Q: What else have you learned about CFIDS?

Snell: We have access to the baseline data for 189 Phase III Ampligen treatment trial subjects. So we have a large subject pool of what we think have been consistently diagnosed CFIDS patients. We’ve found that those who have abnormal RNase-L activity (an indication of immune activation) are lower func-tioning than those who don’t.

VanNess: The maximal exercise test is a very good measure of a patient’s functional capacity. If you look at the results of an exercise test and you’re not familiar with CFIDS, the patient’s function (but not the oxygen and carbon dioxide exchange measures) looks like that of a patient with cardiovascular or pulmonary disease. The exercise test can be used to rule out these other causes of fatigue when making a CFIDS diagnosis.

Q: Does your data compare with the findings of orthostatic intolerance in CFIDS?

VanNess: We’ve looked at the systolic blood pressure response to exercise.
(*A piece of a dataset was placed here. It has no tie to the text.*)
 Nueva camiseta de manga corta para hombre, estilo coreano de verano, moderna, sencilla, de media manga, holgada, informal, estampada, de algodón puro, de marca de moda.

And, interestingly enough, it is blunted quite profoundly in patients with CFIDS . I think it’s two ways of looking at the same thing: orthostatic intolerance is an inability to regulate blood pressure within normal parameters. I think the same thing occurs during exercise when you’d normally see a large rise in systolic blood pressure to provide blood flow during exercise. Patients with CFIDS don’t activate that system well, so they may have a failure to perfuse (send blood to) muscle tissues during exercise.

Q: What CFIDS research studies are you planning?
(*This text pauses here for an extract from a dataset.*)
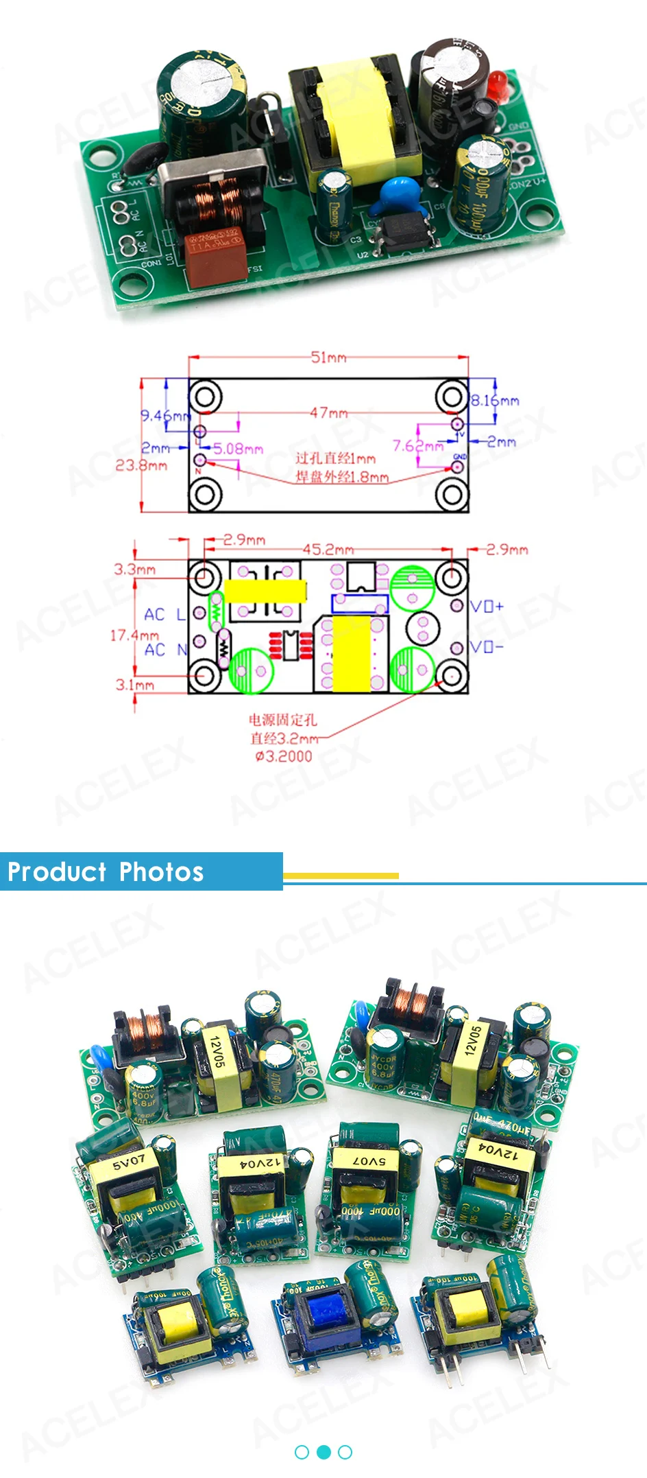 AC-DC 3.3V/5V/12V ตัวแปลงบั๊กที่แม่นยำ AC 220V ถึง5V DC Step Down Transformer โมดูล1A 12W

Snell: We have two other ideas that we’re pursuing on a small scale. One of them is the idea of doing two exercise tests separated by 24 hours. In a healthy individual when you do two exercise tests a day apart, the results are about the same. In a CFIDS patient, because of the post-exertional malaise, peak oxygen consumption is dramatically less on the second exercise test. We’d like to get funding to examine that a little more closely and not just describe the phenomenon, but try to determine why it’s so much less the second day.

The second idea is trying to use the exercise test as a standardized stressor to look at post-exertional malaise. We’ll look at some of the immune and hormonal responses and neurocognitive effects after exercise. So, we want to truly describe what post-exertional malaise entails in a CFIDS patient.